Делай, что хочешь | страница 75



Пошел я в полицейское управление заявляться, что выбираю приграничную местность. И крепко там сцепился. Мне полагалось получить предписание. Приводят к чиновнику. Не старше меня, но очень покровительственный. Спрашивает: «Как, вы уезжаете?» А я уже был языкатый: «Что значит – как? Приговорили – уезжаю». А он так заботливо: «Нет, – настаивает, – никто не хотел вас высылать. Вам помогали исправить ошибку. Дали возможность выбора. Зачем вы уезжаете?» – «Затем, говорю, что приговору подчиняюсь, а сам насиловать убеждения не буду. И не надо со мной задушевным тоном. Высылаете – высылайте», – «Нет, вы сами себя высылаете нелепым упрямством. У вас же маленький ребенок. Вам что дороже – ребенок или убеждения?» Я аж зубами лязгнул: «Вы государственный, чиновник. Вы понимаете, что сейчас сказали? Вы сказали, что у нас такое государство, где человек вынужден выбирать между ребенком и совестью. Надеюсь, что не такое. Мы обжалуем приговор». Он ртом дергает, усмешку давит. «Да, – вздохнул, – тяжелый случай. По-дружески вам советую – опомнитесь. Вот уж не думал, что кто-то пойдет в ссылку за право оставить дочь незаконной». – «Такие законы значит. Лицемерные. Мы против них судились». Он расхохотался и последнее слово за собой оставил: «Запомните, лицемерие – это пошлина, которую добродетель взимает с порока». Я и запомнил. Потом только узнал, что он это не сам придумал.

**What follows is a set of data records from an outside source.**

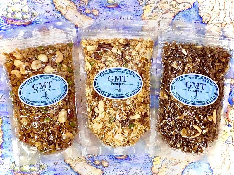 2010 年東京目黒にオープンしたシリアル専門店【GMT】のこだわり3種の詰め合わせ。厳選した材料を丹念に焼き上げた手作りのグラノーラは格別です。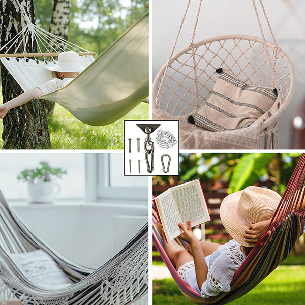 Poilsis kieme tikrai bus malonesnis, jei turėsite hamaką arba erškėtrožės lizdą. Tačiau turite nepamiršti, kad norint pakabinti tokius daiktus, jums tikrai prireiks tinkamų priedų. Laimei, šiame rinkinyje yra visos reikalingos dalys, kad galėtumėte pakabinti savo svajonių braziliškąjį hamaką!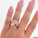 14K Two Tone Solid Gold Diamond Pink Sapphire Crossover Band Ring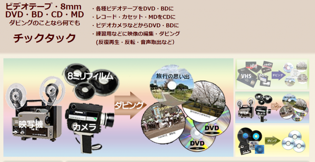 | 料金 | DVDダビング(1本あたり) 980円(120分以内) 120分以上は60分毎に+500円 |
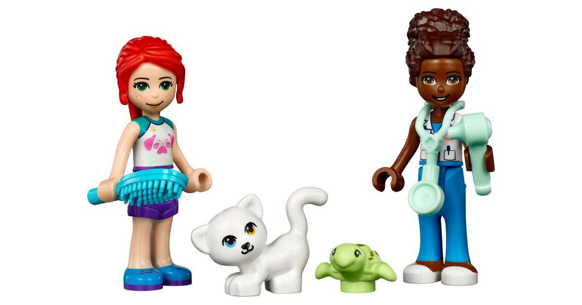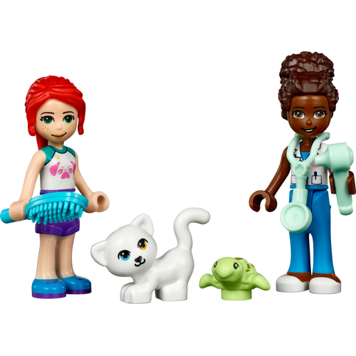 - Sisaldab innustavaid detaile – komplektis on kaks mininukku (sh LEGO® Friends Mia), mängukass, -kilpkonn ja -jänes, lisaks palju loomaarsti varustust, tänu millele jagub mängurõõmu tundideks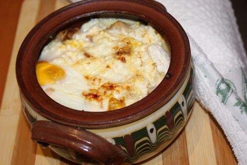 киселеца и изварата се запържват в тефлонов тиган след това се прибавя млякото .Бърка се до постигане на сравнително хомогенна смес.След това се изсипва в тавичка  яйцата се чукват та каче да се образуват порции .Пече се в умерена  фурна докато се сгъсти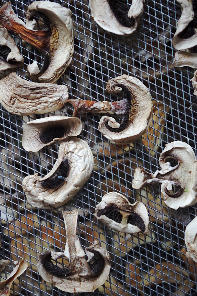 Все началось с грибов. Осенью у нас был неурожай: ни опят, ни польских, ни белых, ни лисичек, ни подберезовиков с подосиновиками, ни маслят — ни-че-го! И тут среди зимы так стало обидно, так обидно, что пошла магазин, купила полкило портобелло и решила насушить. Как всегда, по ходу пъессы, на лотки дегидратора попали стебли сельдерея, лук перьями, морковка кружочками и дольки чеснока. А потому получилось у меня не просто насушить грибов, а сделать отличную овощную приправу или сухой овощной будьон, домашний :)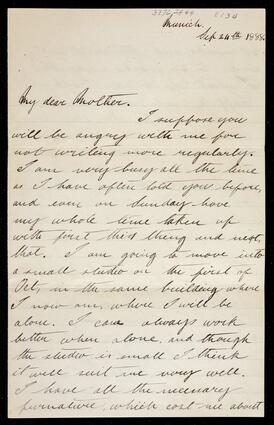 Title: Letter from Leigh to his mother regarding opening a studio, Loefftz will accept him in the Academy, sending seven studies to Baltimore for sale
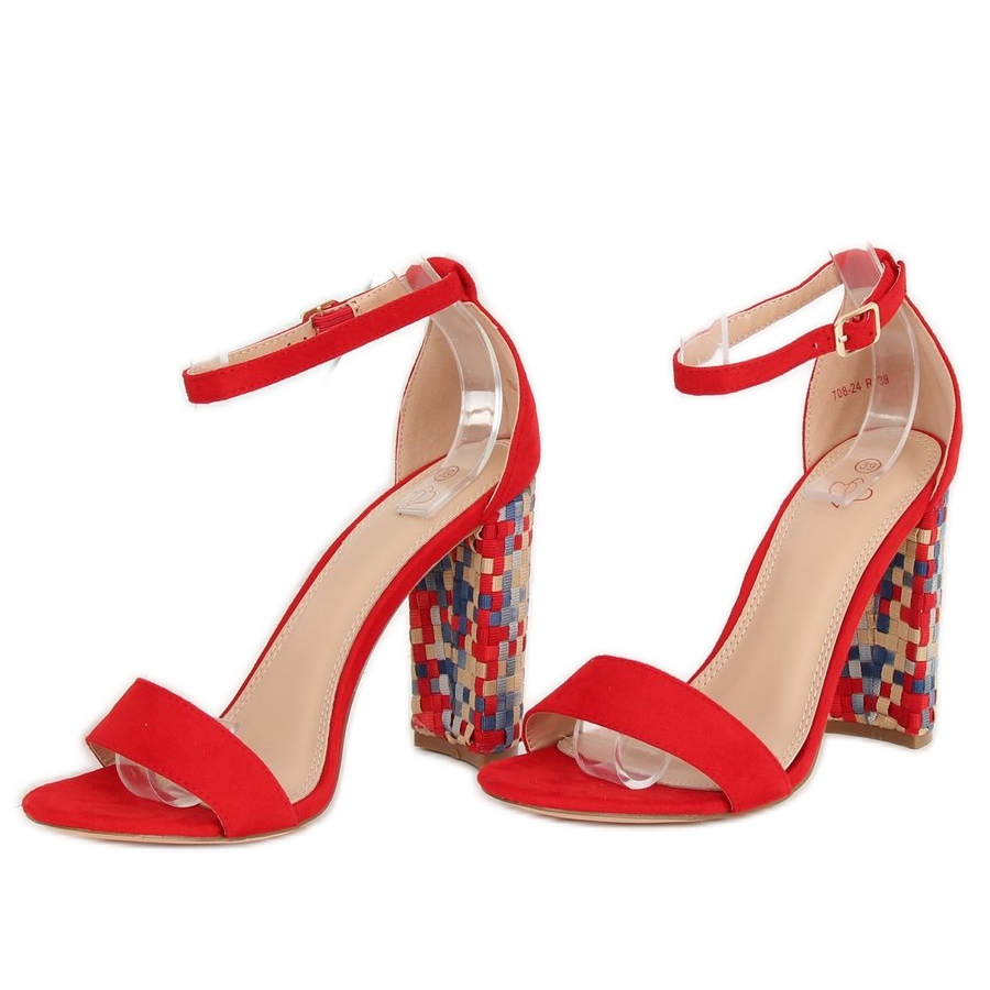 Inna marka Red high-heeled sandals 708-24 Red multicolored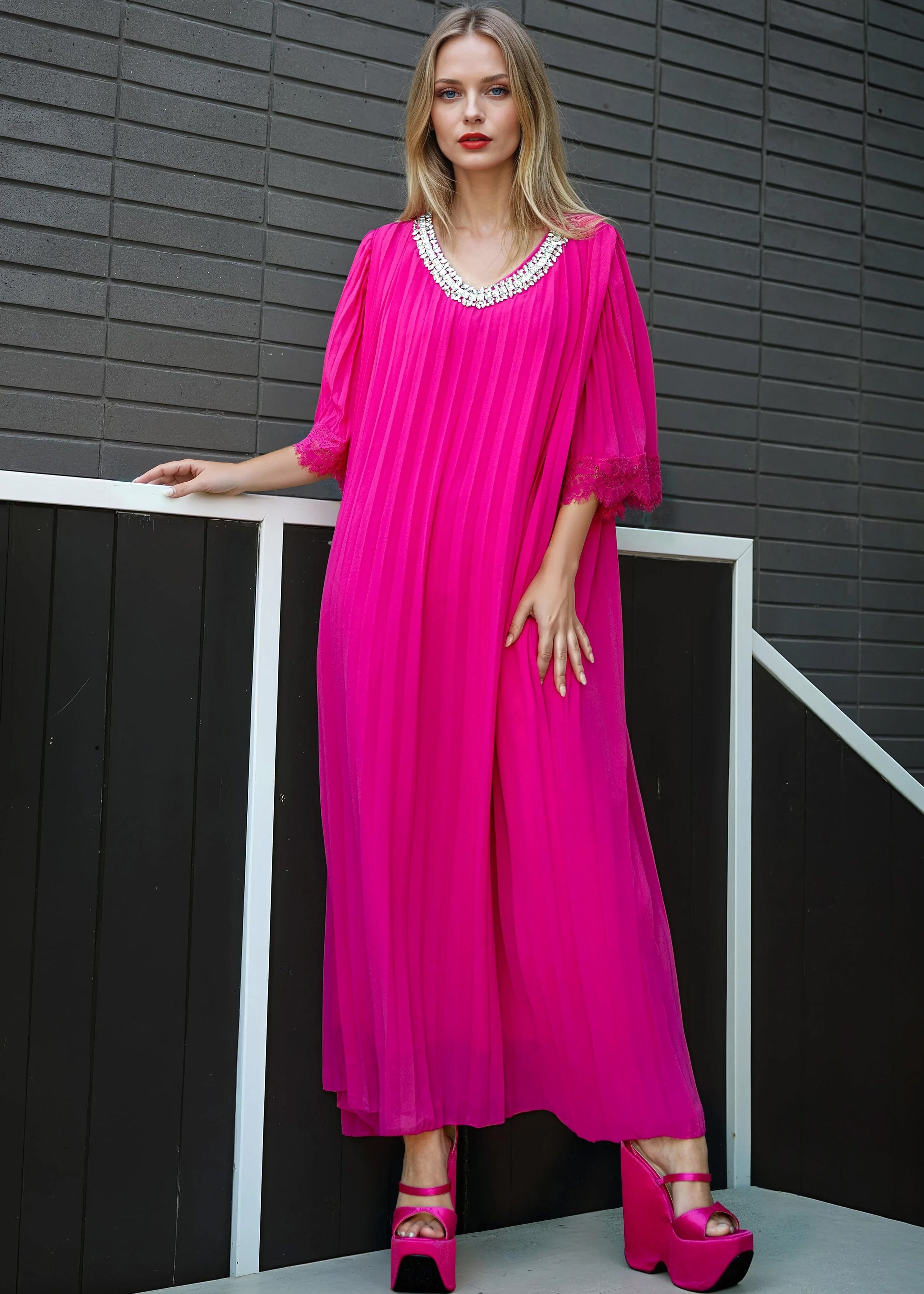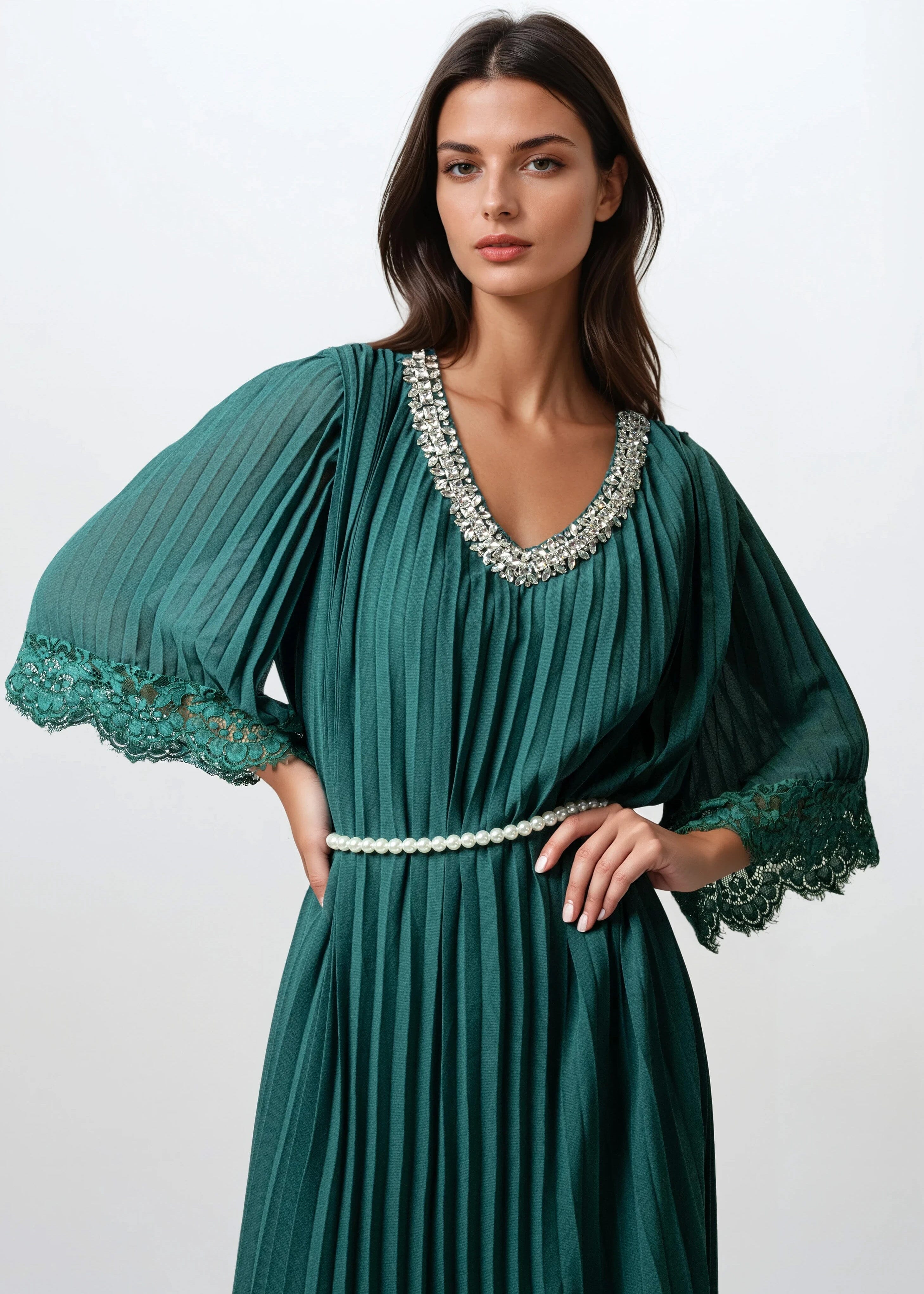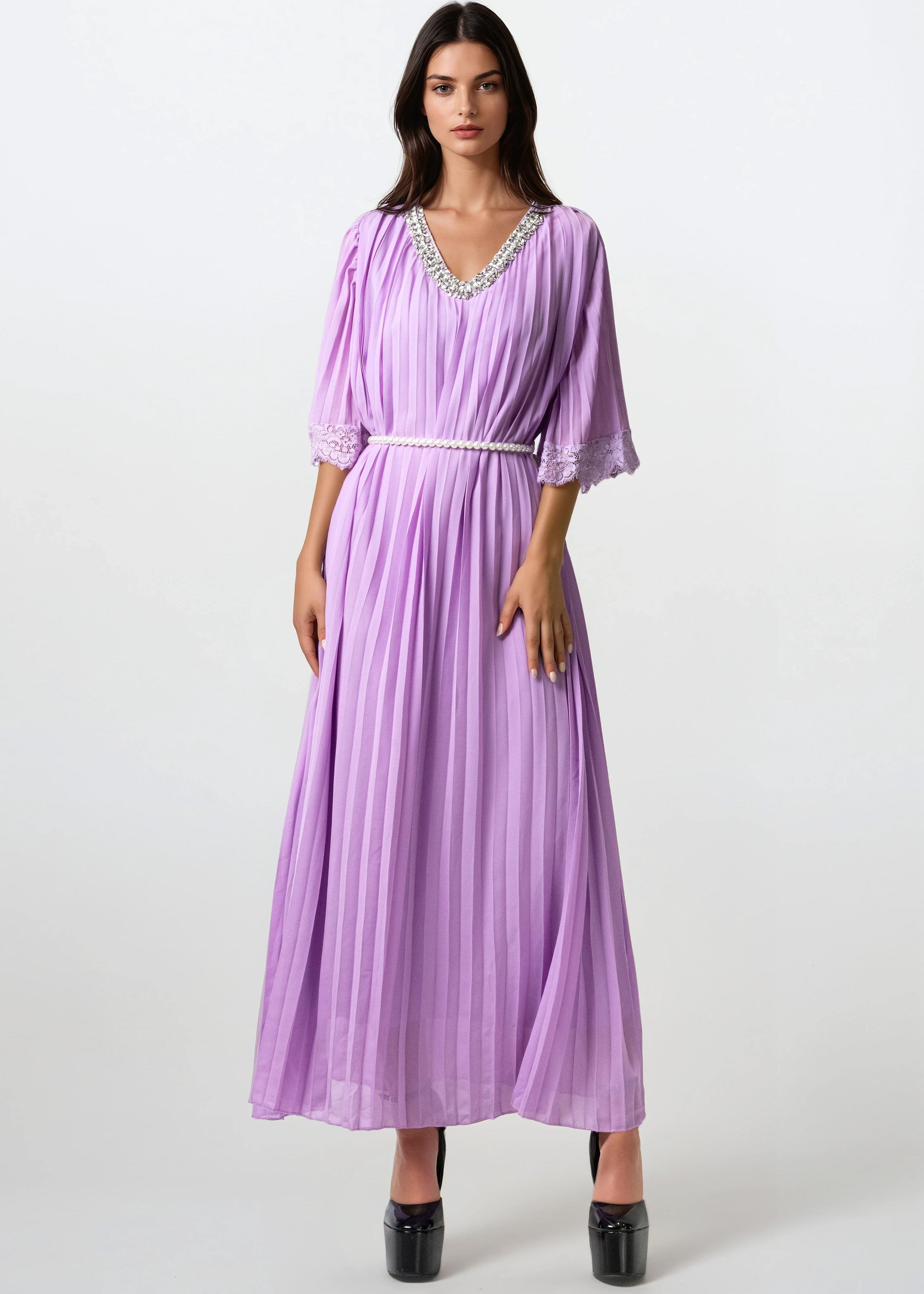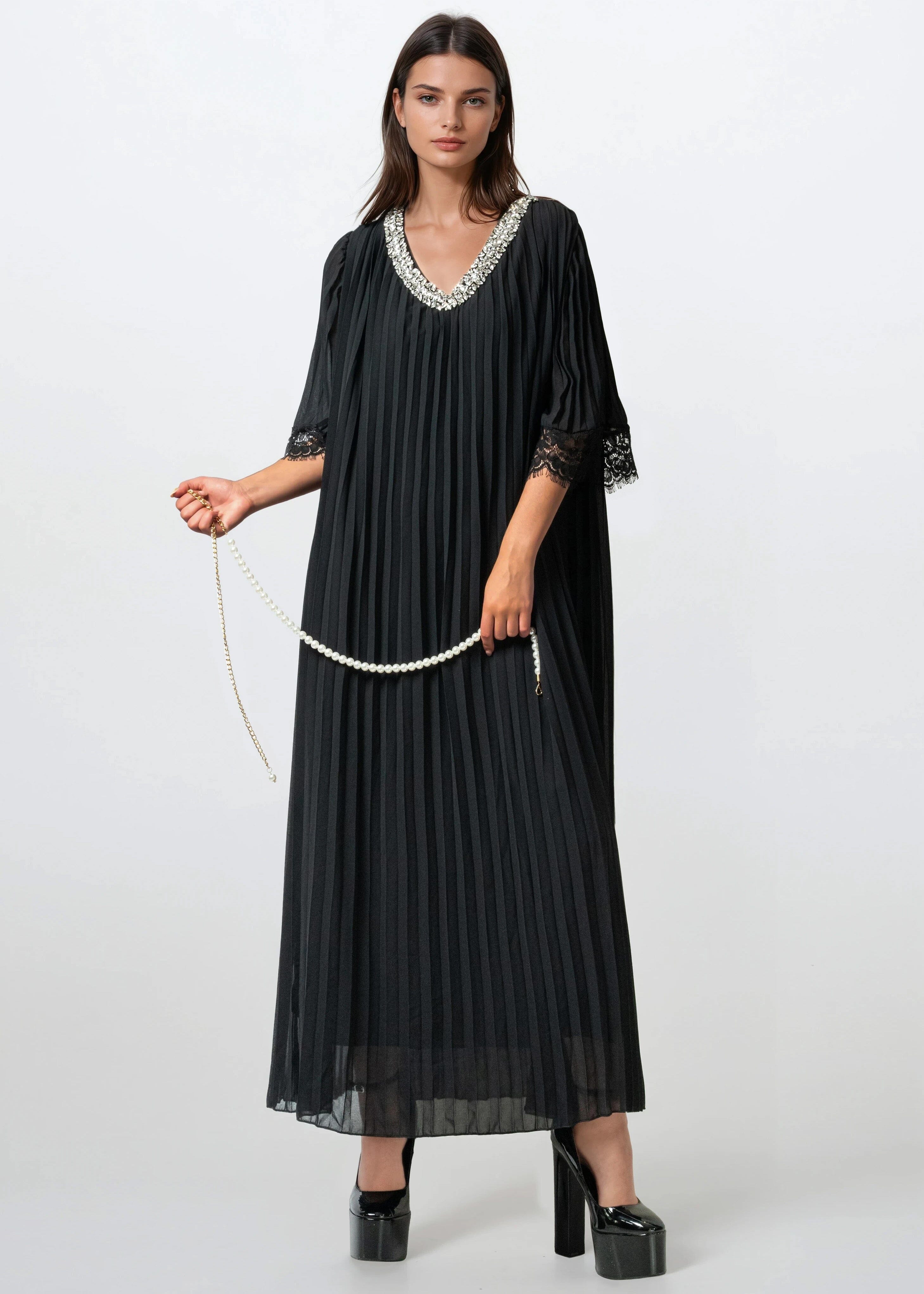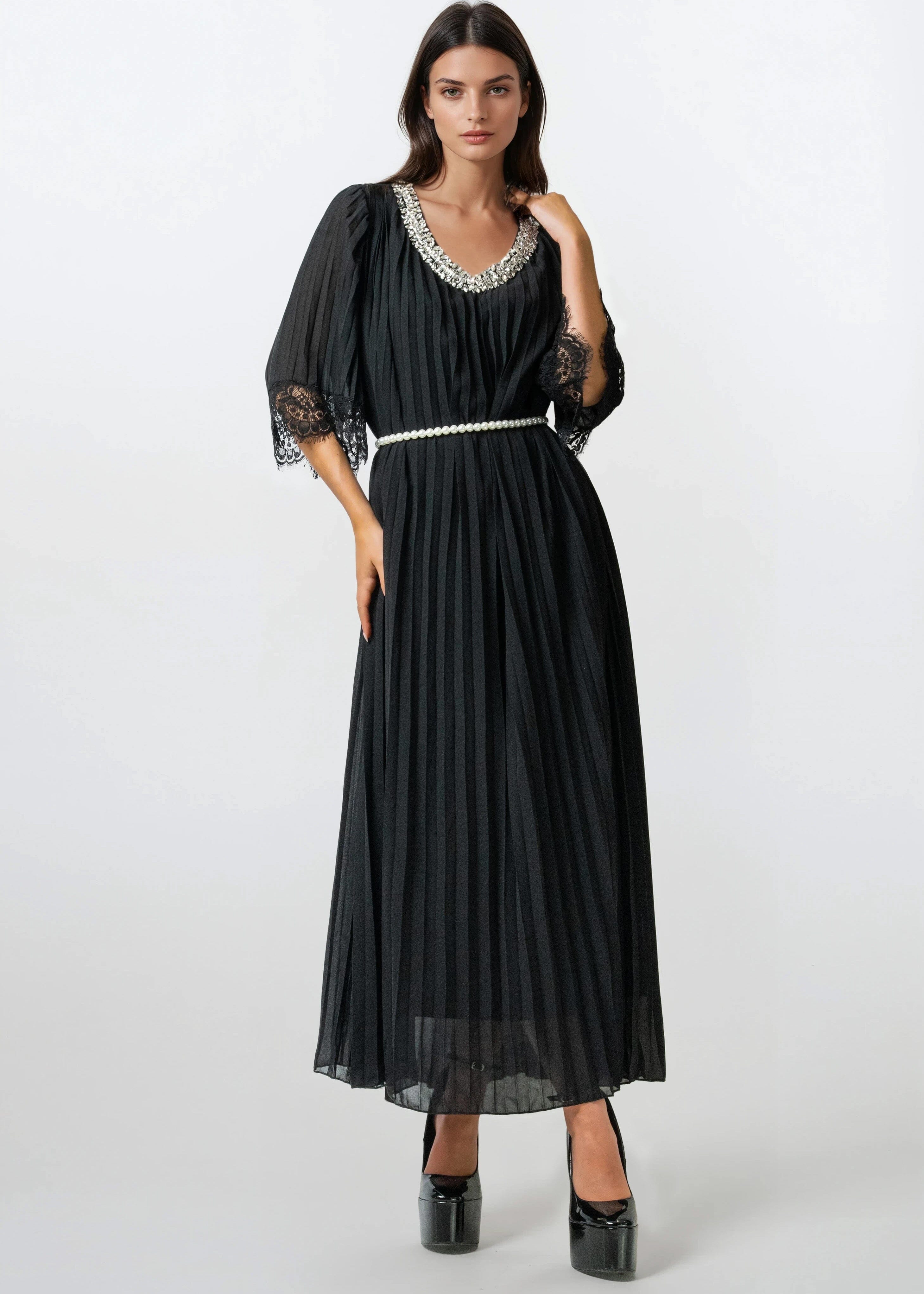 Pleated Embellished Maxi Dress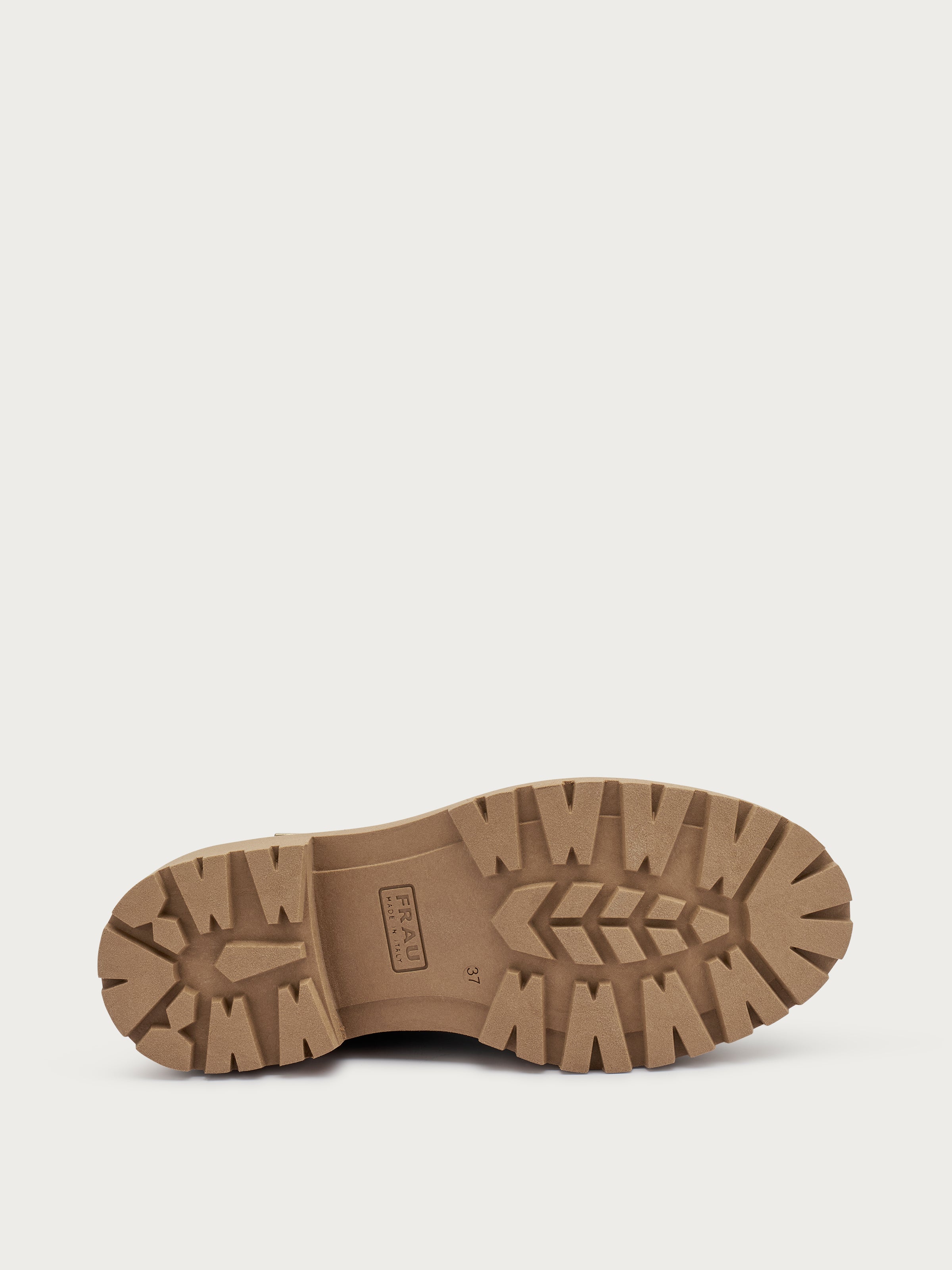 - Soft leather upper with rear pull-tab and tone-on-tone elastic on the sides with burnished metal accessory strap.

К нам на границу и сегодня добраться не очень-то просто. А тогда в три приема: сначала на поезде, потом в почтовой карете, потом на чем получится. Малышка тоже нас провожала. И такая веселая была, что сердце болело. Не понимает, что мама с папой уезжают надолго. Получилось – почти на полгода. Доктор выиграл второй процесс. Мы еще дождались снятия ссылки и вернулись. С известием, что семью ожидает пополнение.

А вдруг бы проиграл? Ну, обвенчались бы. Если государству так хочется взять с нас пошлину лицемерия и назвать это добродетелью, то пусть. Уплатим. Это, в конце концов, не тот случай, где так уж надо на рожон лезть. Но мысль, что могут принудить к выбору между ребенком и совестью, во мне засела. Ведь человек все-таки выберет ребенка, правда? Но каким он вырастет?

Когда поезд тронулся, вдруг я почувствовал, что тяжесть пропала куда-то.

Две малышки – радости вдвое, а трудов, если здоровенькие, конечно, – не вдвое, а столько же, как с одной. Воспитательные принципы у нас смешные были: на руки брать почаще, разговаривать побольше, подкидывать повыше. Я и подкидывал, но спрашивал: а что будет?